Sudden reversible and irreversible SNHL has been reported following general anaesthesia involving both otolaryngological and non-otolaryngological procedures. The reversible hearing loss is unilateral or bilateral and the degree of recovery is variable.⁴⁵,⁴⁶,⁴⁷,⁴⁸,⁴⁹,⁵⁰

It is thought that the anaesthetic agent has a causative role in the deafness. The most common anaesthetic agent in these cases is nitrous oxide. Two theories have been suggested-‘implosive' and ‘explosive' routes.
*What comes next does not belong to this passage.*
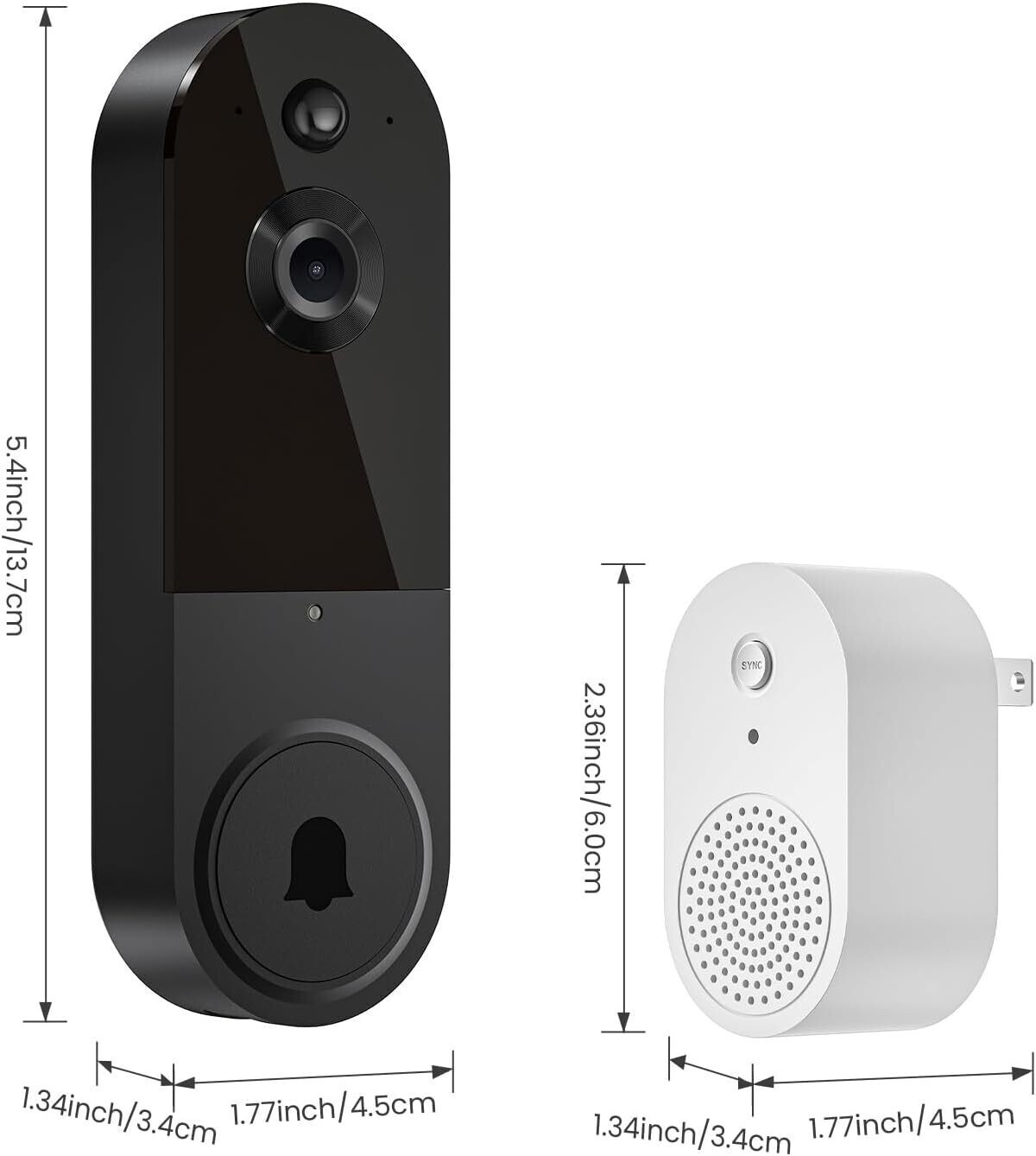 Smart Video doorbell Camera Wireless Wi-Fi Cam with Night Vision,Motion Detection, Cloud Storage, Two Way Audio, Chime Ringer Included(Black) Brand Hubposh Model Name Smart Wi-Fi Doorbell Camera Connectivity Technology Wireless Special Feature 2-Way Audio, Night Vision, Motion Sensor About this item Interactive Two-Way Talk: Connect with guests in real time from any location to promote seamless interactions. Optimized for 2.4GHz Wi-Fi: This doorbell camera is tailored for 2.4GHz Wi-Fi to ensure a stable and fast connection (5GHz Wi-Fi is not supported). Excellent night vision: Four infrared LEDs combined with smart infrared sensors enable continuous monitoring and produce clear video even in dim light conditions. Protected Cloud Storage Options: Get AES-128 encrypted cloud storage with an optional subscription (available separately). Dive into a 30-day trial for easy video recording, playback, and sharing. All-Weather Durability: With its IP65 rating, the doorbell is built to withstand all weather conditions, ensuring consistent performance throughout the seasons. Thorough Home Defense Set: Boasting a long-lasting battery and a free indoor sound alert. Enhanced AI Human-Machine Recognition: Activate AI features to distinguish humans from other moving entities, such as vehicles and animals. Product information Indoor/Outdoor Usage Outdoor, Indoor Compatible Devices Smartphone Power Source Battery Powered Connectivity Protocol Wi-Fi Controller Type iOS, Android Mounting Type Wall Mount Video Capture Resolution 1080p Color Black Number of Items 1 Included Components Doorbell Camera Wireless Communication Technology Wi-Fi Item dimensions L x W x H 1.77 x 1.34 x 5.4 inches Batteries Required? Yes Item Weight 0.38 Pounds

In the first route, rapid penetration of the highly soluble nitrous oxide results in an acute increase in middle ear pressure and subsequent rupture of the round window membrane.⁵¹ In the second, the nitrous oxide-induced increases in the venous and CSF pressure are transmitted to the perilymphatic space via the cochlear duct causing displacement or rupture of the membrane.⁵² The other anaesthetic agents e.g isoflurane and fentanyl may act indirectly on the auditory pathway by altering the general haemodynamics e.g hypotension.⁵³

b) Spinal anaesthesia and lumbar puncture

The first reported case of hearing impairment after spinal anaesthesia was reported in 1914.⁵⁴ Since then, it has been well documented that reversible SNHL can occur after spinal anaesthesia and following procedures involving lumbar puncture.⁵⁵,⁵⁶,⁵⁷,⁵⁸,⁵⁹,⁶⁰,⁶¹ The hearing loss is either unilateral or bilateral, low frequency and usually reverses spontaneously although there are a few documented cases where the SNHL has not reversed.⁵⁸

The precise mechanism of this transient hearing loss has not yet been completely established. It has been suggested that following dural puncture the decrease in the CSF volume and pressure that occurs leads to a decrease of perilymph as there is a direct communication between the CSF and perilymph via the cochlear aqueduct. The reduction in perilymphatic pressure would then induce a transient endolymphatic expansion for equilibration.⁵⁵,⁶²,⁶³ This endolymphatic hydrops is associated with the hearing loss and restoration of the CSF and inner ear volumes would then lead to a return of normal hearing thresholds.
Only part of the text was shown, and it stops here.